You might be interested in pruning neural networks. Some networks can be reduced in size by over 90% without performance loss. The lottery ticket hypothesis paper is good place to start, if you don’t already know about it of course.
I am! And the lottery ticket (LT) hypothesis is something I have thought about quite a bit. I believe the LT hypothesis and our work are related in a subtle way: in the former we build out the larger structure first and then prune, while in our approach we conservatively construct the "winning lottery" so to speak.
Another difference with the LT hypothesis is that the pruning there is very specific to neural networks.
Pruning in general is about trimming larger structures down. This is nice for using a network, but indeed doesn’t help with training it.

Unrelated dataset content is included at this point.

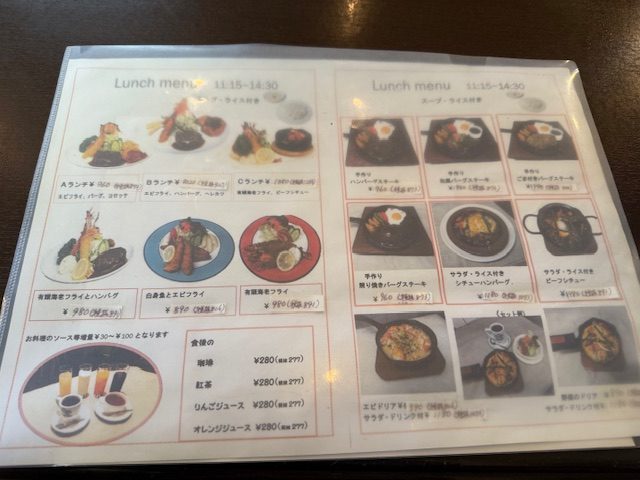 ハンバーグやエビフライなど、喫茶店らしい洋食メニューが1000円以下で楽しめます!

Lottery tickets on the other hand are configurations of weights that rival the full network in performance when both are trained from scratch, with the ticket having far fewer parameters to optimize. Pruning is only the method to find the tickets for now, but the ideal would be to have a weight init strategy that can create winning tickets in one-shot. There is work being done on this front, and also to see if winning tickets for one image classification task generalize to image classification as a whole. This would do a lot to reduce the size of networks from the start, and so far results are promising.
But yes, this is all very specific to neural networks. Do you have a blog or other place where you post about some of the things you’re working on? It would be nice to read about.
I haven't had time to write a blog post about this. The paper linked to in the first comment - which is [1] - present the first cut of our ideas. We have made two additional extensions beyond that, we will be submitting them to journals soon.
I am yet to release code publicly but that would take a couple of months, given the papers are my priority now - downsides of working on a PhD while having a day job :-|
To be clear I am not claiming that compact models are related to the LT hypothesis, just that I think they are and this, of course, needs to be rigorously established. For a while I would be spending time on the compact model arc (my primary interest), till I can get to investigating its connections with the LT hypothesis. In fact [1] doesn't talk about the LT hypothesis at all, instead focusing solely on compacting models in a model-agnostic manner.
https://arxiv.org/abs/1803.03635
Some pruning methods have recently been added in the latest feature release of PyTorch.